_AIM OF THE EXERCISE_
Starting at the line that contains "Secretaria da Fazenda" and stopping at the line that contains "Visualisierung: FAT Architects, Moutfort", transcribe every line of the material below exactly; pictures stay out.

=== Section Start ===

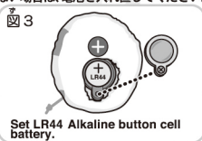
図3 ③ 入れる Set LR44 Alkaline button cell battery.
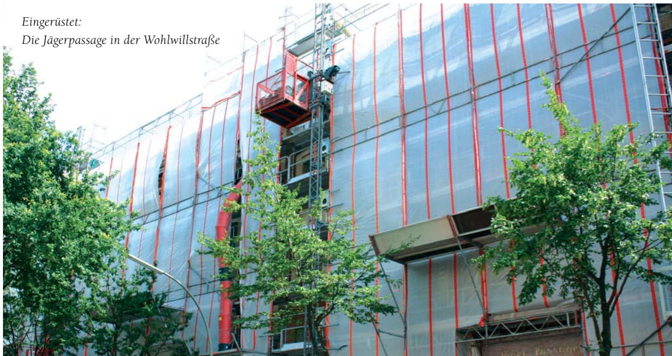
Eingerüstet: Die Jägerpassage in der Wohlwillstraße

Mit Ende des Sanierungsverfahrens voraussichtlich in 2016 werden auch die letzten öffentlich geförderten Baumaßnahmen im Sanierungsgebiet St. Pauli Wohlwillstraße abgeschlossen.
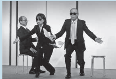
シアターフェスティバルの様子

上演する人形劇団むすび座は、昭和42年に名古屋で創立。以来「子どもと子どもをむすびます。人と人とをむすびます」を合言葉に、心の糧となる人形劇を子どもたちの生活に近い場の上
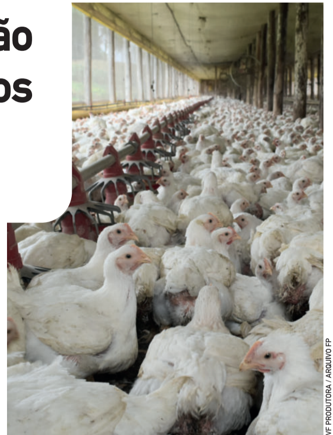
Secretaria da Fazenda (Sefaz) acatou pedido dos municípios nas integrações de Aves e Suínos
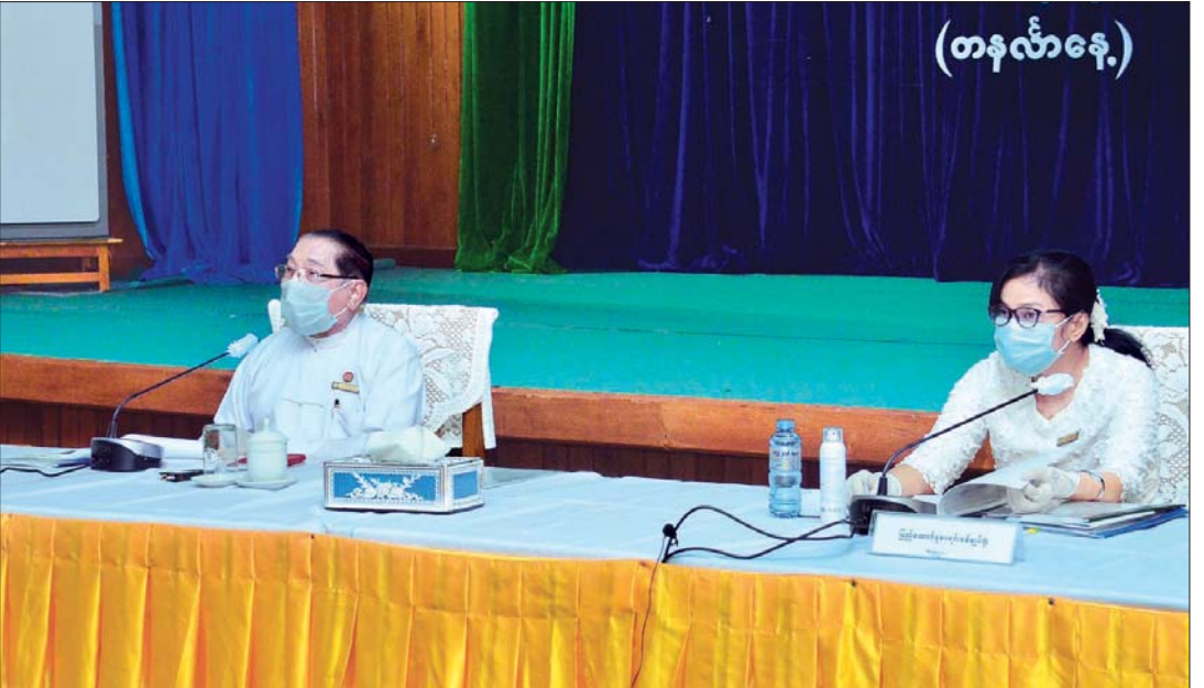
ပြည်ထောင်စုစာရင်းစစ်ချုပ်ရုံး၏ ပြည်သူ့အတွက် စတုတ္ထ(၁)နှစ်တာ ဆောင်ရွက်ချက်များနှင့်ပတ်သက်၍ ပြည်ထောင်စုစာရင်းစစ်ချုပ် ဦးမော်သန်း ရှင်းလင်းပြောကြားစဉ်။
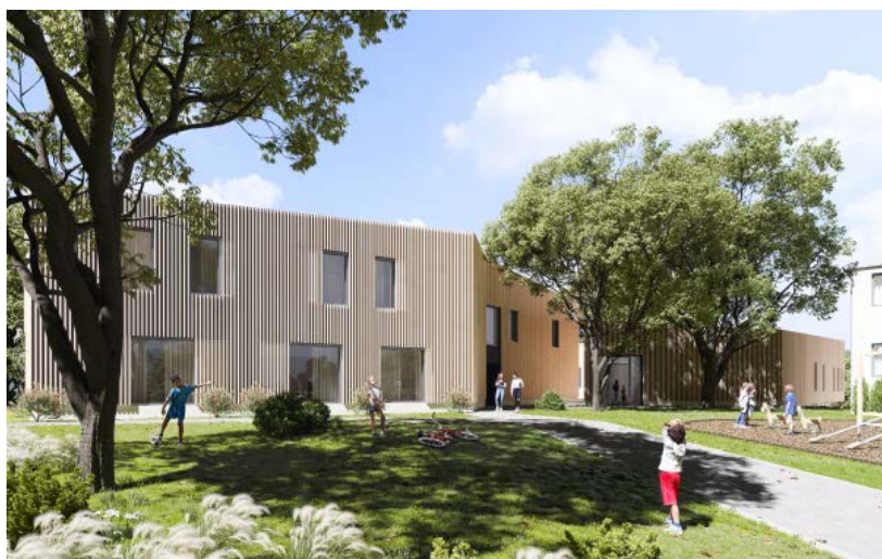
Visualisierung: FAT Architects, Moutfort

Kinderheim im luxemburgischen Schiffflange: Das partizipative Konzept wird mit einem integralen Planungsteam in Holzbauweise entwickelt

=== Section End ===

_ANSWER TO THIS EXERCISE_
Secretaria da Fazenda (Sefaz) acatou pedido dos municípios nas integrações de Aves e Suínos
ပြည်ထောင်စုစာရင်းစစ်ချုပ်ရုံး၏ ပြည်သူ့အတွက် စတုတ္ထ(၁)နှစ်တာ ဆောင်ရွက်ချက်များနှင့်ပတ်သက်၍ ပြည်ထောင်စုစာရင်းစစ်ချုပ် ဦးမော်သန်း ရှင်းလင်းပြောကြားစဉ်။
Visualisierung: FAT Architects, Moutfort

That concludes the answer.